> _Task instructions_: Without any pictures, print exactly the lines that run from the start of the data through the line containing "Представьте, что у".
Start of Data for processing
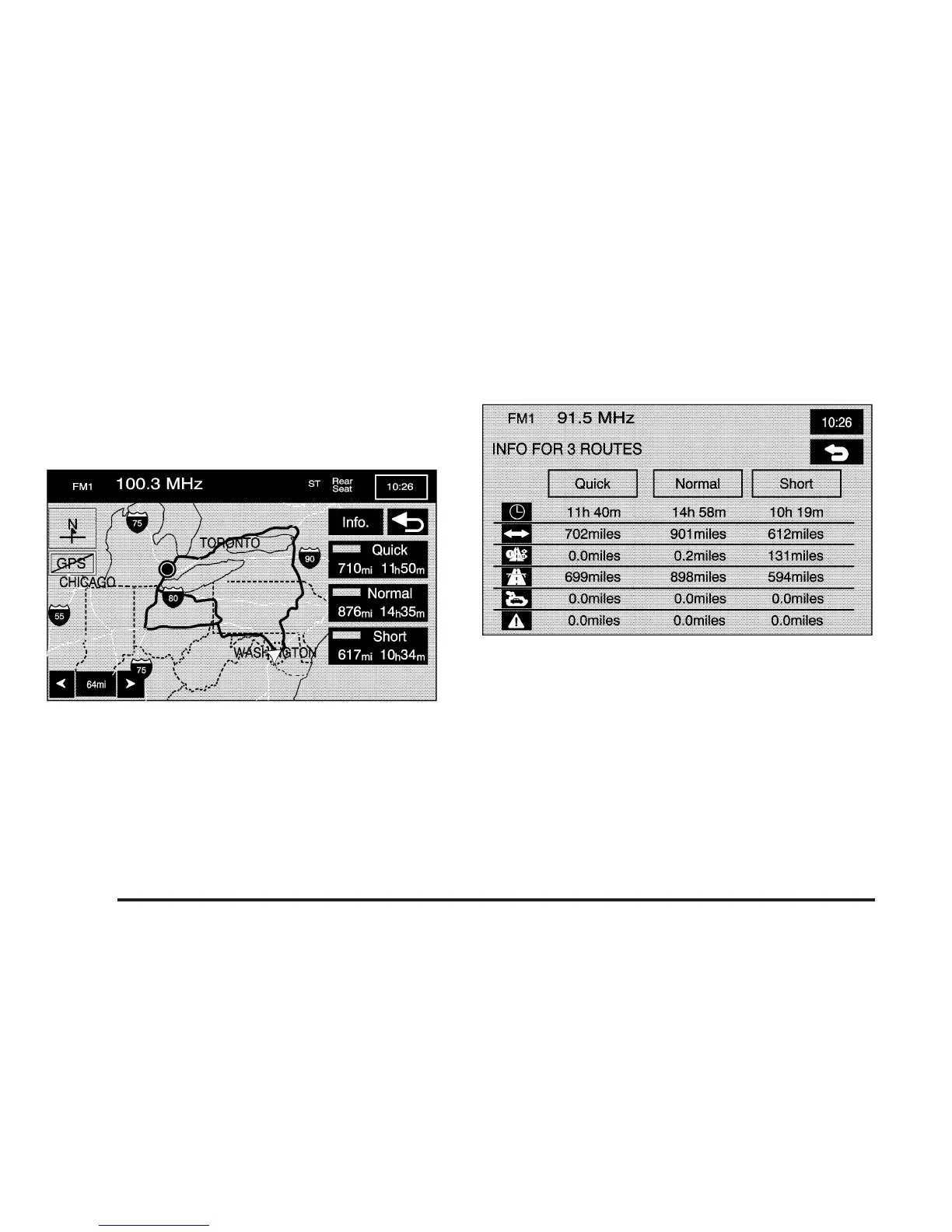 travel time, or select the Info screen button to
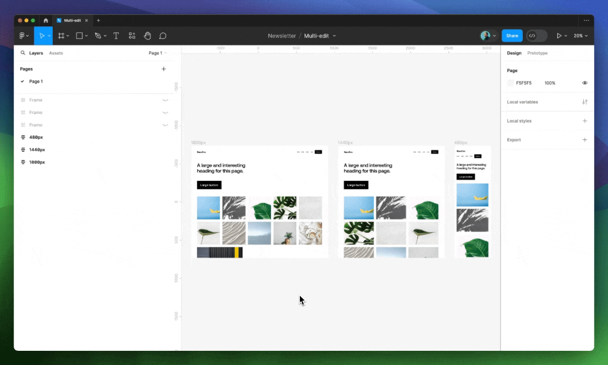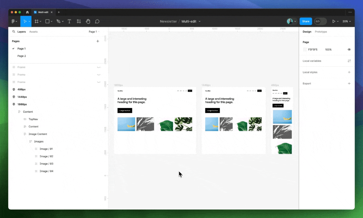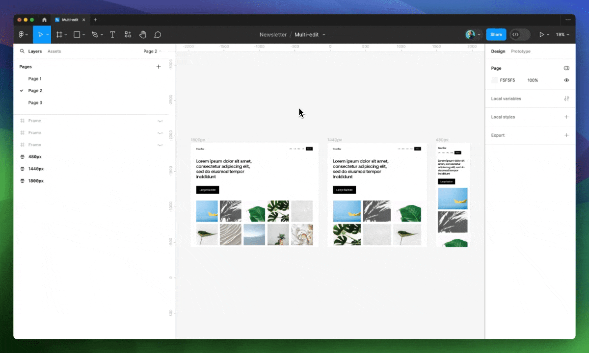 Представьте, что у вас в макетах имеется серия объектов, например изображений, и вы хотите упорядочить их с помощью Auto Layout. Мультиредактирование позволяет одним кликом или с помощью шортката Shift ⇧ + A применить эту функцию ко всем группам изображений внутри разных фреймов.
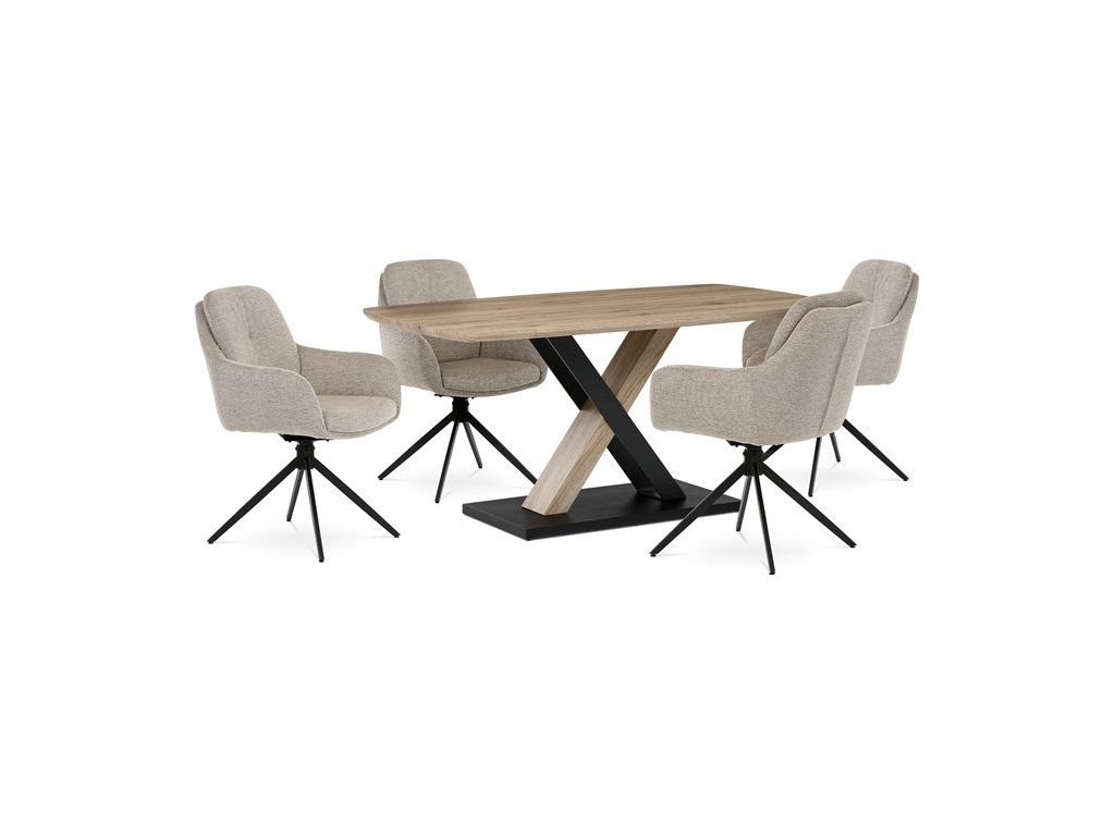 Stabilitu a pevnosť zabezpečuje centrálna podnož v kombinácii kovu a MDF, ktorá zároveň podčiarkuje moderný dizajn celého stola.
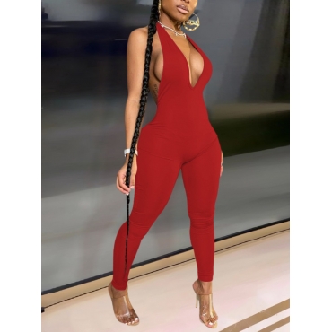 Lovely Sexy Deep V Neck Backless Red One-piece Jumpsuit
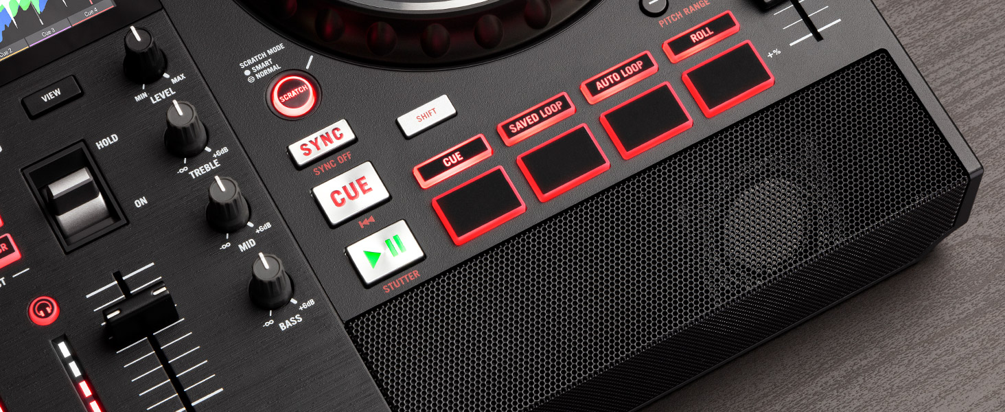 Інтуїтивно зрозуміле компонування та 7-дюймовий сенсорний екран високої чіткості дозволяють переглядати, завантажувати та відтворювати музику як ніколи раніше. 4 вбудовані ефекти (Echo, Flanger, Delay і Phaser) ідеально відповідають ритму, коли вони запускаються за допомогою інтерактивних тумблерів. Великі ручки фільтра та 3-смуговий еквалайзер надають ще більшого пожвавлення, забезпечуючи практичний контроль над низькими, середніми та високими частотами для створення ефектних міксів, поєднань та переходів.
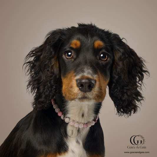 At Grace and Gaia, we understand that every pet is unique and sometimes requires a personalised touch. That's why we offer custom malas designed specifically for your pet's needs. Share their challenges with us, and we'll create a one-of-a-kind piece that supports their well-being and fosters a happier, healthier life.
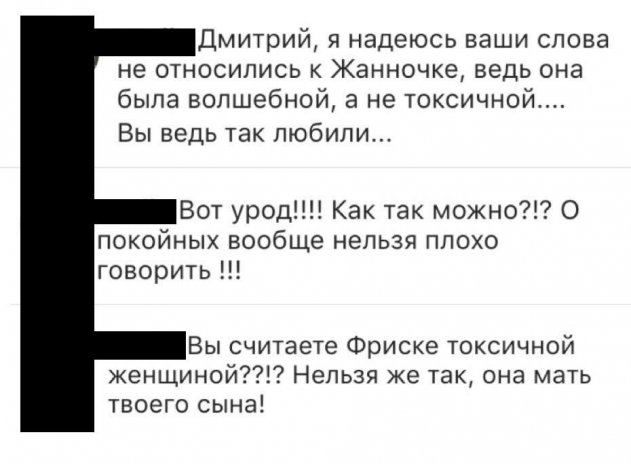 Фанаты в сети негодуют, ведь после скандала с родственниками Жанны и их общим ребёнком Платоном многие зрители начали считать Шепелева ужасным человеком. Сейчас же он обратил против себя ещё большее количество человек, потому что показал явное облегчение, злость и презрение к покойной певице – уверена публика.
End of Data for processing
> _Exercise response_:
 travel time, or select the Info screen button to
 Представьте, что у вас в макетах имеется серия объектов, например изображений, и вы хотите упорядочить их с помощью Auto Layout. Мультиредактирование позволяет одним кликом или с помощью шортката Shift ⇧ + A применить эту функцию ко всем группам изображений внутри разных фреймов.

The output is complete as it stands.